„Unterschreib es endlich, du dumme Alte! Dieses Haus gehört jetzt mir!“, schrie Ana. Ihr sonst so makelloses Gesicht war von animalischer Wut verzerrt. Ihre langen Nägel gruben sich in den Arm der alten Frau.
Doña Elena weinte leise, ein Schluchzen, das mir das Herz brach. Ihre vom Alter getrübten Augen suchten nach einem Ausweg, den es nicht gab. „Ana, bitte … das ist mein Zuhause, das Zuhause meines Bruders … wenn ich das unterschreibe, setzt du mich auf die Straße“, flehte sie mit zitternder Stimme.
Anas Antwort war das Grausamste, was ich je gehört habe. Sie beugte sich dicht an das Ohr der alten Frau und sprach mit eiskalter Stimme, die mir einen Schauer über den Rücken jagte, eine direkte Drohung aus.
—„Wenn du jetzt nicht unterschreibst, werde ich deine Medikamente verstecken, damit du endlich stirbst und ich deine Anwesenheit in diesem Haus nicht länger dulden muss.

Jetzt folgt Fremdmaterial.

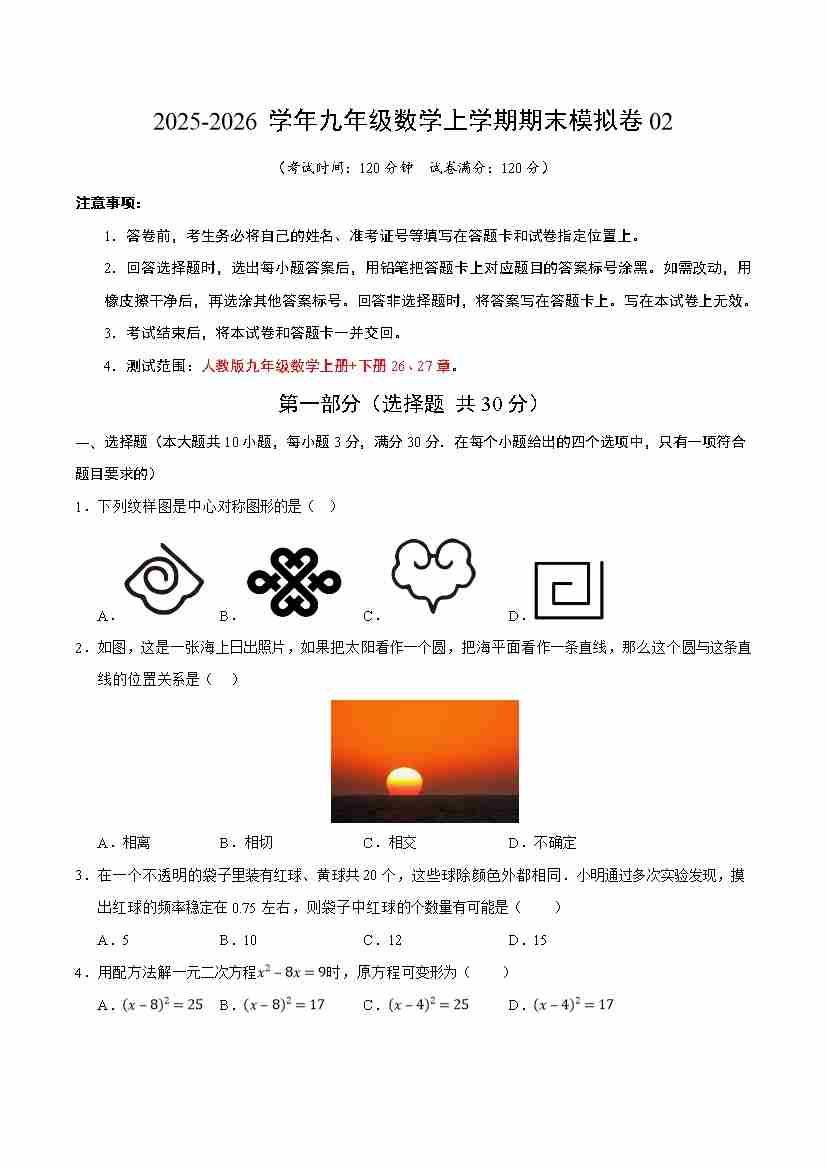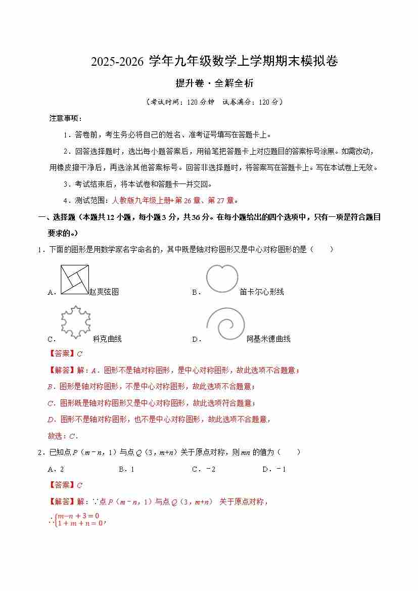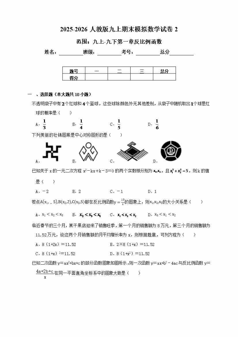 九上期末模拟数学试卷2(含解析)2025-2026人教版

In diesem Moment wurde mir klar, dass ich nicht länger tatenlos zusehen konnte. Ich zog mein Handy aus der Schürzentasche. Meine Hände zitterten, aber ich schaffte es, die Kamera einzuschalten. Ich wusste, dass mein Leben und mein Job in dieser Sekunde vorbei wären, sollte ich entdeckt werden, doch die Gerechtigkeit war mir wichtiger als meine Angst.